GitHub - chrishwiggins/shannon-language-model: How a (small) language model walks through its training text: a teaching demo of a bigram Markov chain as a random walk. Live: shannon-language-model.pages.dev

4 min read Original article ↗

A teaching demo for the simplest possible language model: a bigram Markov chain. A bigram model is a map (each word points to the words seen right after it); generating text is a random walk over that map. The app animates the walk, moving a reading head through the training text one word at a time as each next word is sampled.

Live demo: https://shannon.chrishwiggins.com

What it shows

  • A bigram model is a map. Build a directed graph whose nodes are words and whose edges go from each word to the words seen right after it. A word's out-degree (its number of distinct next-words) is the branching factor of the model.
  • Generation is a random walk. Sample each next word in proportion to how often it followed the current one; the reading head moves through the training text as it goes. This is exactly Shannon's 1948 first-order word model: no temperature, no neural net.
  • A designed training text makes the branching legible. The text is engineered so most words have a small, near-uniform out-degree (mostly two choices), so you can follow the walk by eye. A self-check recomputes the bigram graph from the displayed tokens and proves it matches the designed graph, or blocks generation.
  • The covering walk. To exhibit every edge in the fewest words, the displayed text is a Guan-route-augmented Eulerian circuit (route inspection + Hierholzer) over the designed graph.
  • Real text, for contrast. Other tabs build the real bigram graph of pasted text or a bundled public-domain classic, where out-degrees vary wildly (Zipfian), unlike the uniform designed demo.

Running it locally

The designed-demo and paste tabs work from any static server. The standard-texts tab reads bundled files from dat/, and the optional URL-scraping tab uses Python's BeautifulSoup (which cannot run in a browser). The local backend serves everything:

python3 src/server.py
# then open http://localhost:8731/

The only non-stdlib dependency is beautifulsoup4 (pip install beautifulsoup4), and only the URL tab needs it.
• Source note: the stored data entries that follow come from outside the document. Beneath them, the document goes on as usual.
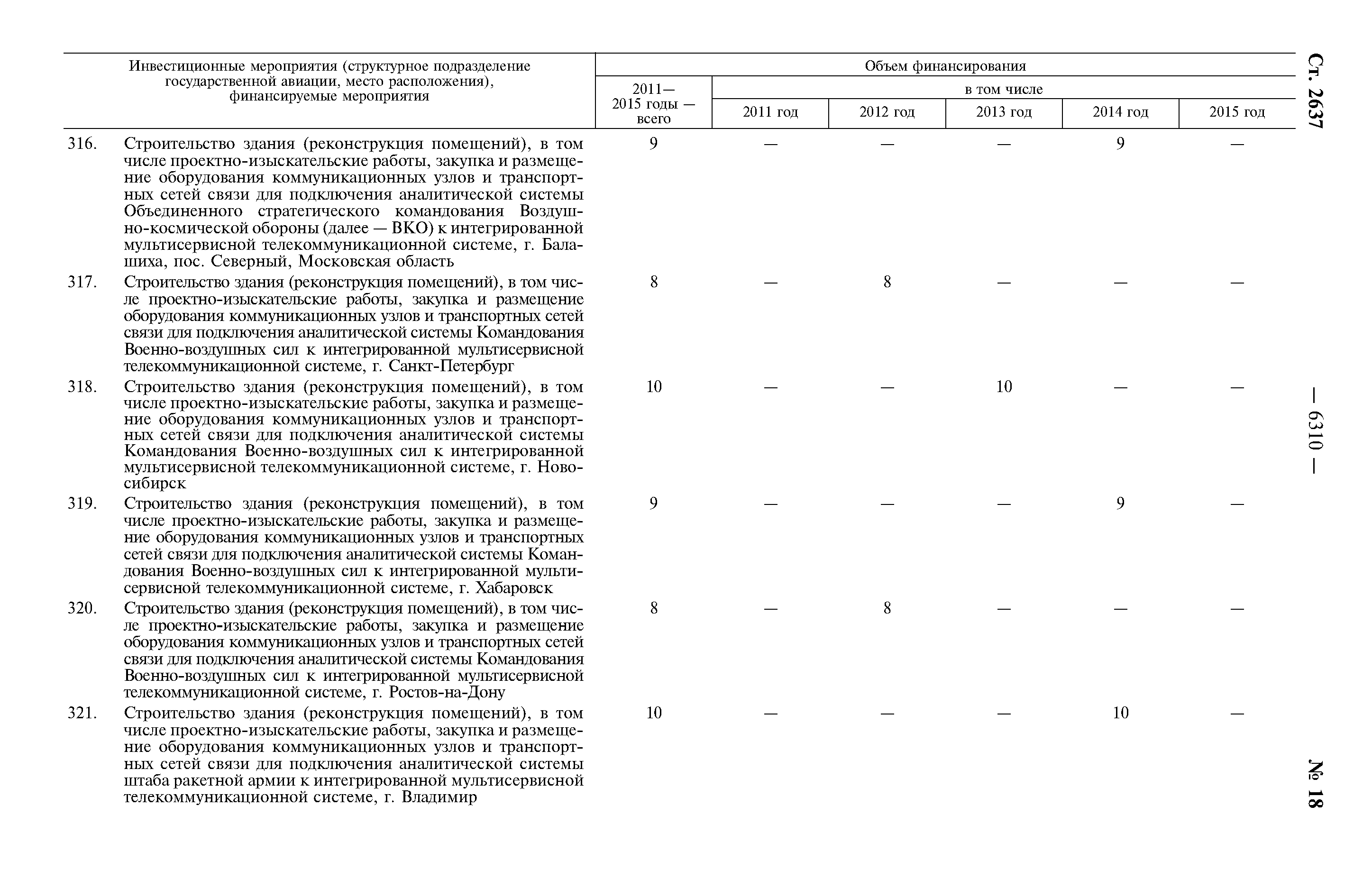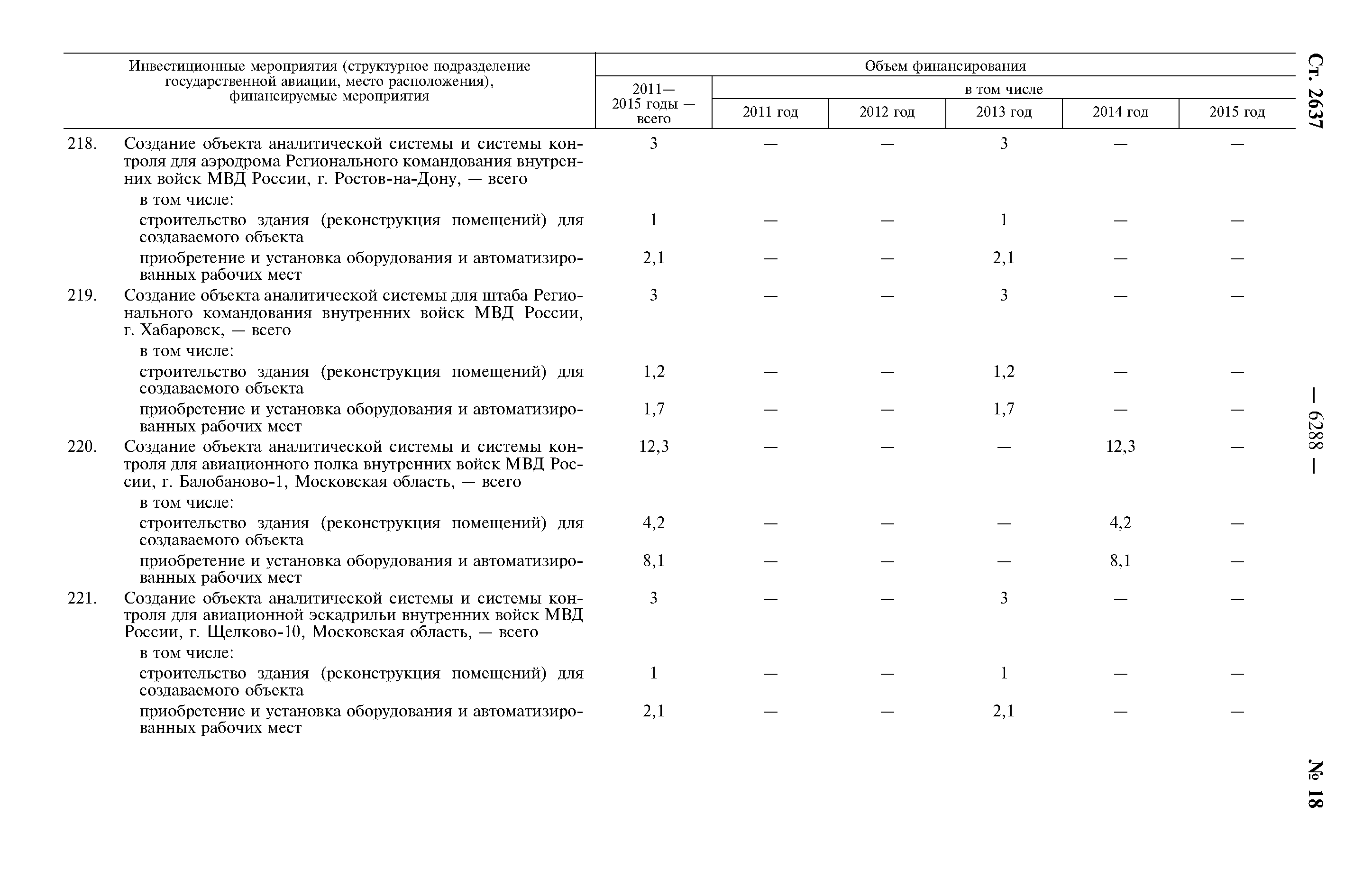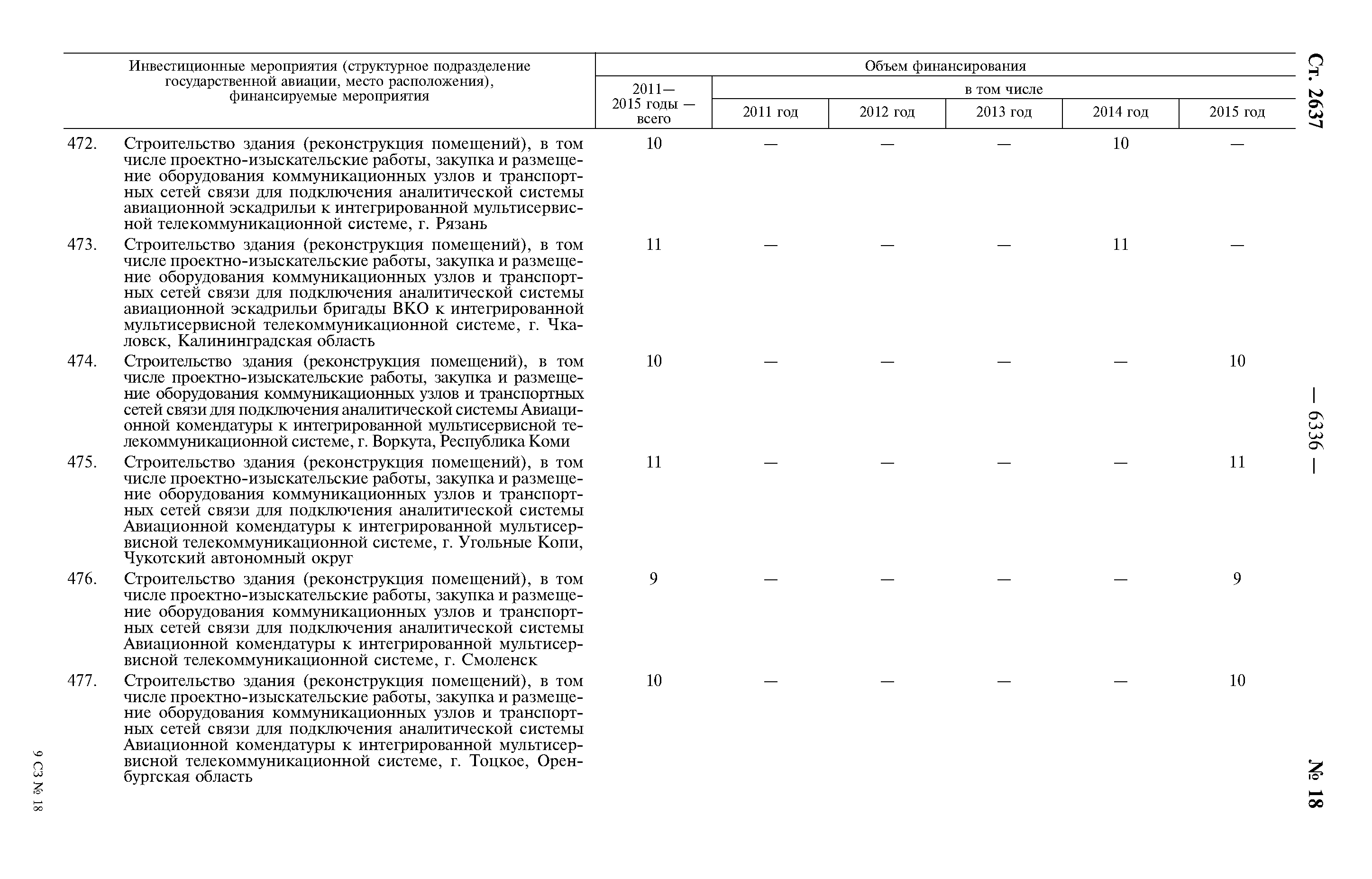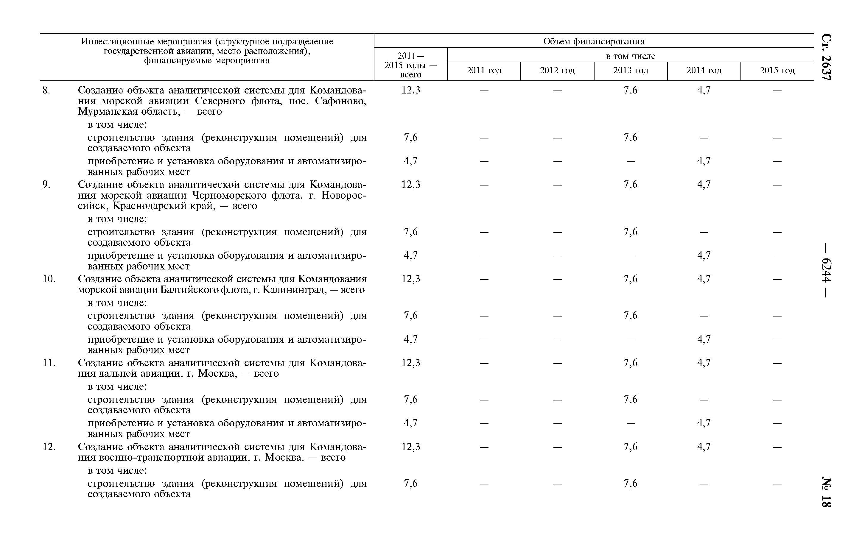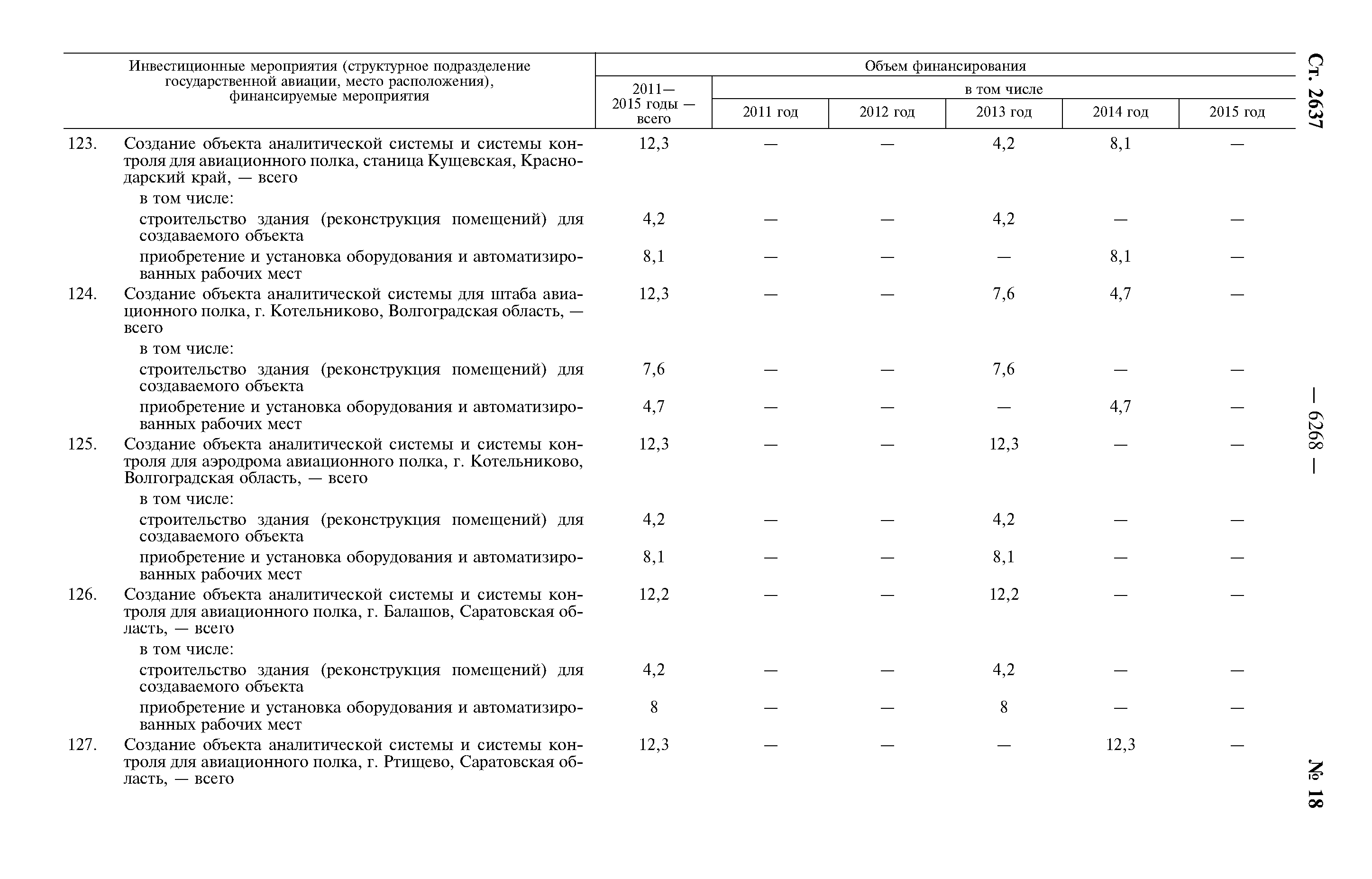 | Оглавление: | Паспорт федеральной целевой программы "Обеспечение безопасности полетов воздушных судов государственной авиации Российской Федерации в 2011- 2015 годах" I. Характеристика проблемы, на решение которой направлена Программа II. Основные цели и задачи Программы с указанием сроков и этапов ее реализации, а также целевых индикаторов и показателей III. Мероприятия Программы IV. Обоснование ресурсного обеспечения Программы V. Механизм реализации Программы, включающий в себя механизм управления Программой и механизм взаимодействия государственных заказчиков Программы VI. Оценка социально-экономической и экологической эффективности Программы Приложение N 1 Перечень инвестиционных мероприятий федеральной целевой программы "Обеспечение безопасности полетов воздушных судов государственной авиации Российской Федерации в 2011 - 2015 годах" Приложение N 2 Объемы финансирования научно-исследовательских и опытно-конструкторских работ федеральной целевой программы "Обеспечение безопасности полетов воздушных судов государственной авиации Российской Федерации в 2011 - 2015 годах" Приложение N 3 Перечень мероприятий, связанных с внедрением на объектах и в подразделениях государственной авиации инновационных технологий и комплексов системы управления безопасностью полетов Приложение N 4 Количественные значения целевых индикаторов и показателей хода реализации федеральной целевой программы "Обеспечение безопасности полетов воздушных судов государственной авиации Российской Федерации в 2011 - 2015 годах" Приложение N 5 Объемы финансирования федеральной целевой программы "Обеспечение безопасности полетов воздушных судов государственной авиации Российской Федерации в 2011 - 2015 годах" по основным направлениям расходования средств и государственным заказчикам |
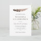 Convide seus amigos e família para um casamento no final de semana de Ação de Graças com estes convites únicos, no entanto formais, para o dia do casamento. Eles apresentam um layout de texto aberto com uma pena de peru desbotada flutuando acima dos detalhes do texto. No verso está um marrom-claro para complementar a frente do convite.
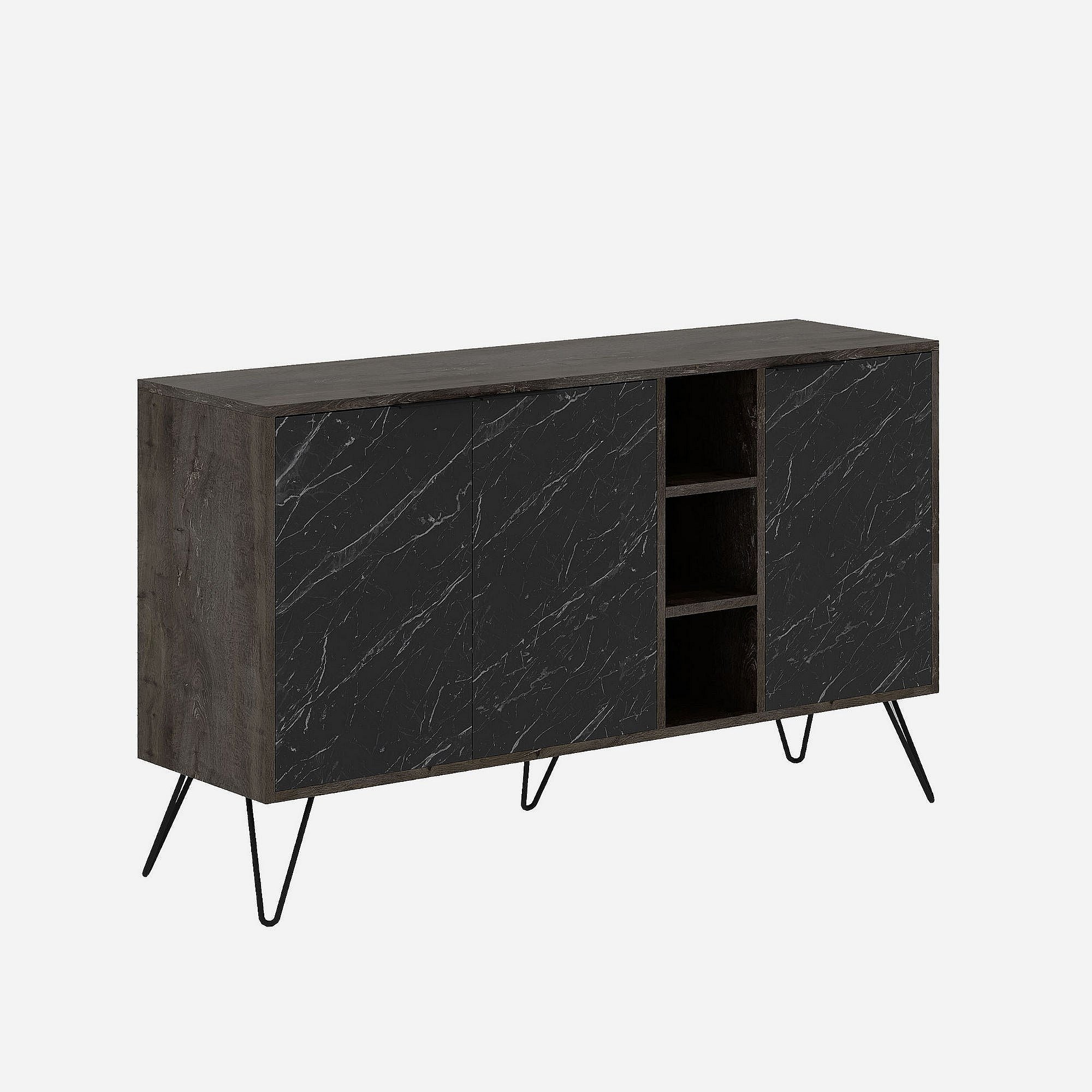 Buffet 3 portes pieds épingle Ginda L142cm Effet Marbre Noir et Bois foncé

To produce the static build that the live site serves:

python3 src/build-static.py # writes out/site/

The static build removes the URL-scraping tab (no Python backend on a static host) and stamps a last-updated time.

The app is behind a client-side password gate (password: monday). This is obfuscation, not security: the password ships in the page source.

Project layout

Path What it is
index.html The single-page app (markup + CSS + JS).
src/server.py Local dev backend: serves the app and the URL scraper (BeautifulSoup).
src/build-static.py Produces the static deploy build in out/site/.
src/pareto-entropy.py Computes the fair-use-vs-branching Pareto front (Shannon conditional entropy vs. vocabulary) over a text.
dat/*.txt Bundled public-domain training texts.
dat/index.json Catalog the Standard-texts tab reads.
ref/markov-1913-summary.md A short note on Markov's 1913 Eugene Onegin chain (the first Markov chain).

The training texts

All bundled texts in dat/ are public domain:

  • markov-onegin.txt — Pushkin's Eugene Onegin (Henry Spalding's 1881 translation), the text Andrey Markov used in 1913 for the first Markov chain.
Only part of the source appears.